Zdarzenie pokojowe
Nie przetaczała się wojna, nie mówiono o bezpośrednich zagrożeniach.
W pomieszczeniu, które wypełniono osiemnastoma metalowymi łóżkami
stało kilkuletnie dziecko. Obudziło się i nie wiedziało, czy już może wyjść,
i kogo prosić o pozwolenie na oddalenie się do brzydkiej toalety obok łazienki.
Patrzyło na śpiące postacie, zastanawiało się: dlaczego znowu ubyło o osobę?
Nie znało jeszcze tak wielu słów, by bulwersującą sytuację odpowiednio opisać,
określić swój stan, umieć o nagłym braku opowiadać, składnie zadawać pytania,
na które może ktoś dorosły udzieli wyczerpującej odpowiedzi, wytłumaczy noc.
Nie było bezpośrednich zagrożeń, dlatego poza pomieszczeniem, za murem,
za płotem udekorowanym kolczastym drutem - ludzie doceniali spokojne życie.
Inne od tego, które było udziałem patrzącego i widzącego dziecka. Bo za płotem
babcie czytały dzieciom bajki, dziadkowie kruszyli skorupki orzechów, mamy gotowały
zupę i drugie dania, i nosiły w kieszeniach smakołyki, a ojcowie śpieszyli się do pracy.
Prozaicy układali długie zdania przelewając na kartki rzekę wódki, porośniętą sitowiem,
wypełnioną węgorzami wymykającymi się za to morze, w którym pławią się i żerują rekiny.

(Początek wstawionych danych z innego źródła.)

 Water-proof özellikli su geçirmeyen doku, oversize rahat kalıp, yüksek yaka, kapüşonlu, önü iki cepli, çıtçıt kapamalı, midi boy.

Subtelne poetki zatrzymywały w znaku miłości ogromne lub drobne zauroczenia, nośne
od tęczowych przymierzy z lirą i bałałajką, smaczne, jak herbata z konfiturami z wiśni.

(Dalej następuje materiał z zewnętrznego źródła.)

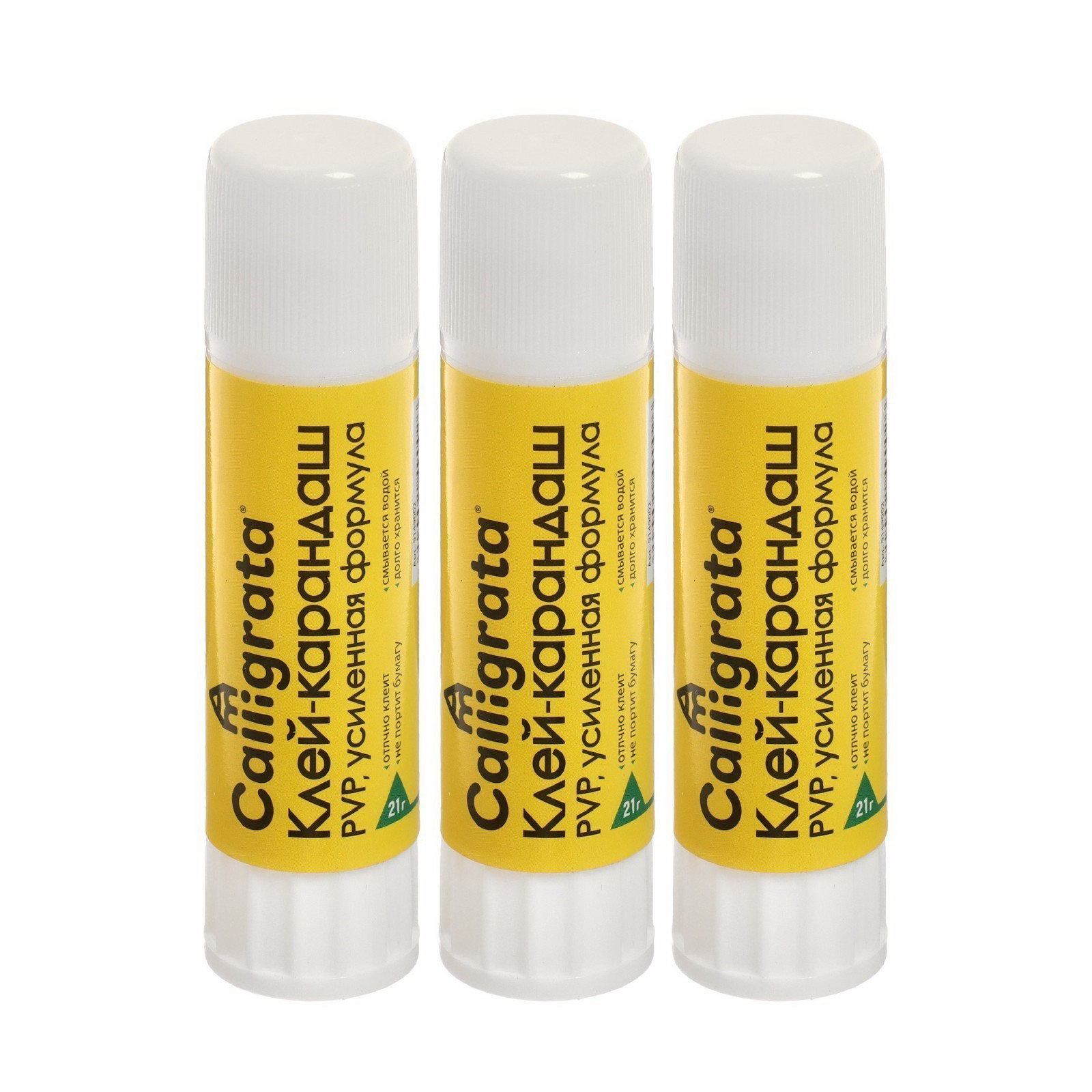 Клей-карандаш 21 грамм PVP усиленная формула, набор 3 шт, 3x3x11 см., Китай

Tęgie głowy decydowały: co dobre i złe, kogo nagradzać i wyposażać w książeczki.
Albo ilu i dokąd wyprawiać, jak skutecznie oprawiać. O dwunastej kołysały się dzwony,
hejnał regulował zegarki i budziki na jednaki czas. Pomykały po szynach tramwaje.
Otwierały się małe okienka, topniały ogonki pod kioskiem. W gazetach o froncie robót,
a w fabrykach surówka do kadzi, w kopalniach urobek do wagoników, w stoczni wodowanie.
Wtedy Barbara szła po wodzie, po lodzie, z dobrą nowiną, z prognozami na świeckie lata.
Czas pokoju, żadnych zagrożeń. Z ulicy nie widać oczu dziecka za parkanem, za murem,
w pomieszczeniu z osiemnastoma łóżkami ze stali. Ale ono istnieje, patrzy na puste miejsce.
Czuje chłodny nurt, który nie wiadomo kiedy przemieszcza się przez materace i sprężyny.
Widzi zwiniętą pościel i dobrze wie, że za kilka dni inne ciało okryje szary koc w kopercie.
Tutaj nikt nie pisze eseju, wiersza, nie mówi o śpiącej dziewczynce lub chłopcu. Przecież
nie udziela się odpowiedzi na pytanie, jakiego nie zada człowiek z małym zasobem słów.
Dziecko milczy, wypiera strumień. Stoi we własnej kałuży i martwi się, że będzie ukarane.